Sri Lanka pays attention to Ron Paul

It is heartening to know I’m not alone in worrying about the impending disaster we face because the value of our money is MADE UP by bureaucrats. Sri Lankans are listening to Ron Paul.

“Few Americans give much thought to the Federal Reserve System or monetary policy in general,” Ron Paul wrote in his column this week.

“But even as they strive to earn a living, and hopefully save or invest for the future, Congress and the Federal Reserve Bank are working insidiously against them. Day by day, every dollar you have is being devalued.

“The greatest threat facing America today is not terrorism, or foreign economic competition, or illegal immigration.

“The greatest threat facing America today is the disastrous fiscal policies of our own government, marked by shameless deficit spending and Federal Reserve currency devaluation.”

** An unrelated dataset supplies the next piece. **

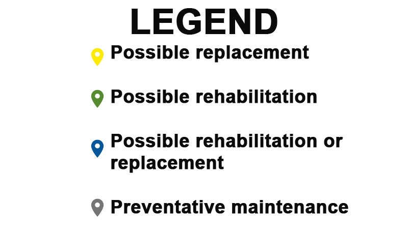 Of those, nine bridges have reached the end of their useful life, and MoDOT is reviewing options. Seventeen bridges should receive some rehabilitation, primarily removing the driving surface (the bridge deck) and replacing it. Although with two bridges, it may be more cost effective to replace them instead of rehabilitating them. Three need preventative maintenance (mostly an overlay).
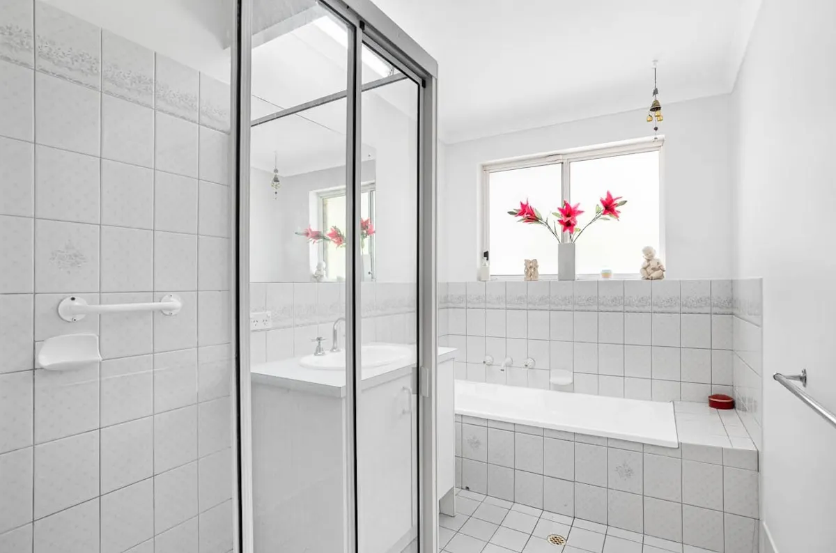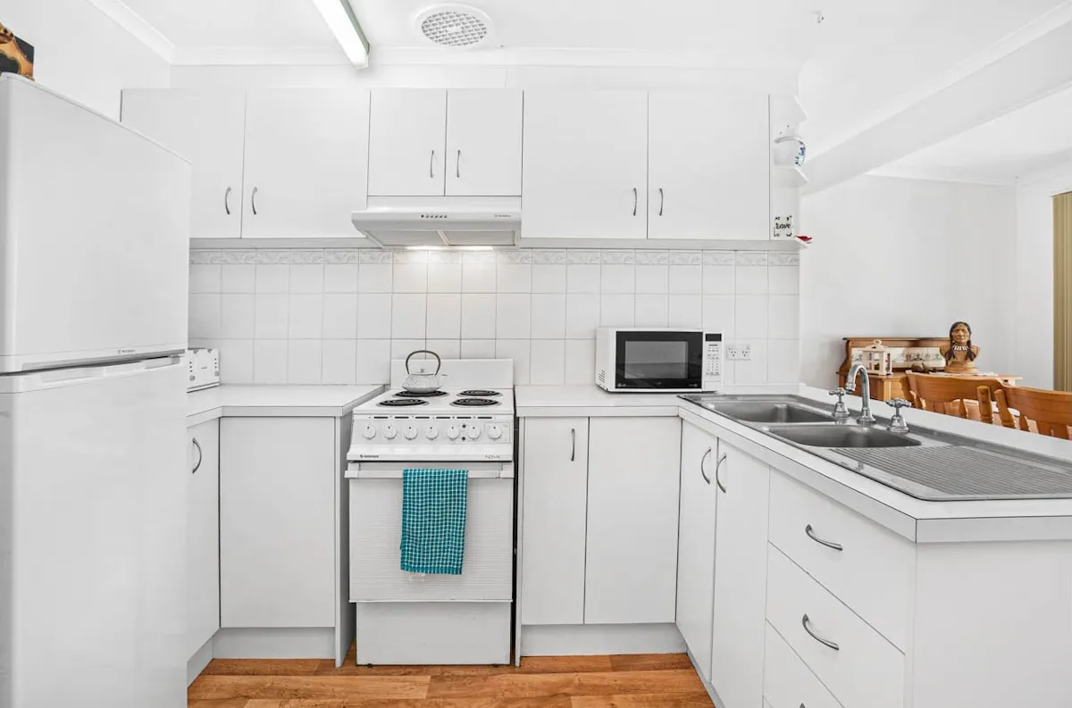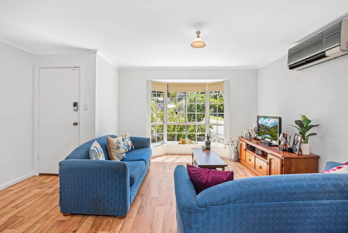 The compact all-electric kitchen is perfectly positioned for easy conversation and connection, overlooking both the dining area and nature beyond. Centrally located, the main bathroom includes a shower, bath, and vanity, complemented by a separate WC and laundry for added practicality. Both bedrooms are well-proportioned, with the master featuring built-in robes, while the second bedroom offers flexibility as a guest room, home office, or creative space.

Ron Paul is one of the few politicians of the world who understands the intricacies of fiat money. He is on the House Committee on Financial Services.

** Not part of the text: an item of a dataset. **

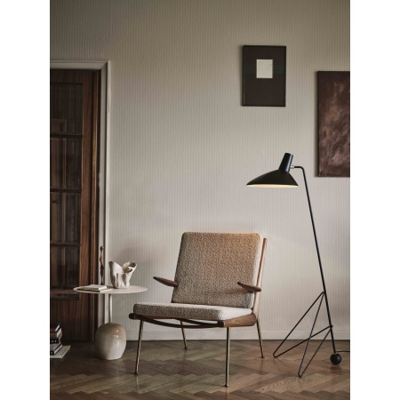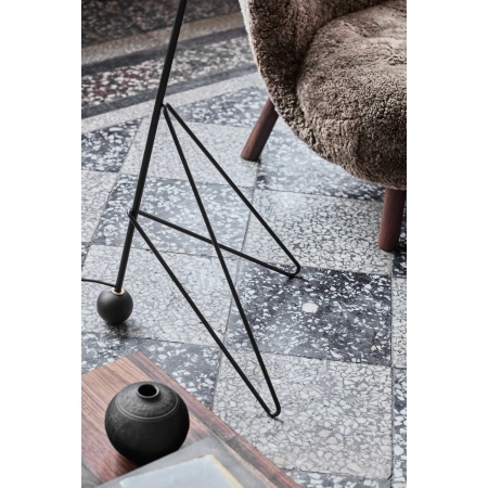 Le lampadaire tripode, reflète le minimalisme des grands designers Hvidt & Mølgaard. Ce lampadaire en métal laqué rehaussé de détails en laiton interpelle par l’association de ses lignes d’une grande simplicité et d’un piétement aux courbes élégantes. Bien qu’initialement créé en 1953, c’est la première fois que le modèle est édité. L’abat-jour est formé au repoussoir à partir d’une seule pièce d’aluminium. La base est faite de tubes de métal soudés les uns aux autres, le tout recouvert d’une laque de finition satinée.Dimensions: H134 cm x P63 cm Couleur: noirDesigner: Hvidt & MølgaardSource lumineuse et ampoule: E27 Max 60 Watt, 220-240V, ampoule non fournie Matériaux: métal laqué et câble d’alimentation tissu 2 mètres avec interrupteur marche/arrêt

Why this stuff is appearing in a Sri Lankan business rag and not here eludes me.

“So while Fed policies encourage younger people to over borrow because interest rates are so low, they also punish thrifty older people who saved for retirement.

“The financial press sometimes criticizes Federal Reserve policy, but the validity of the fiat system itself is never challenged.”

It isn’t rocket science - you can only make up so much value before even the dumbest of the dumb realize the entire system is just a pipe dream. And then the currency gets switched to something like bullets. If I have time in this life, I’m going to pursue an economics degree so I can hope to explain these basics more eloquently.

Our current money system is only as effective as the amount of faith the people who use the money have in it. When the faith tides ebb, the society leans towards collapse. That’s not to say our national financial house is going to collapse, but it certainly could. A house built on faith alone is not a house I would live in.

Someone explain to me how I’m wrong. Make sure you’re an economist and are ready to send me a copy of your advanced degree and the titles of some of your books. I want to believe we’re not headed for disaster.

Explain how loaning me my own money will fix the economy

I am not sure I understand basic thinking in regards to modern economics. How is giving me an $800 one time tax credit (loaning me some of my own money) going to fix a debt/spending driven economy?

President Bush publicly confirmed for the first time that he would propose a package of emergency measures, outlining its basic principles on Friday, in an effort to restore the eroding confidence of investors and consumers. The package is expected to include more than $100 billion in one-time tax rebates for individuals and an opportunity for businesses to rapidly write off their capital investments.

As far as I am concerned everything the feds talk about is semantics unless it involves budget cuts or real reductions in federal spending. I don’t know anything about Ben Bernanke. Why should I listen to what he has to say? Someone convince me we aren’t headed for a crisis.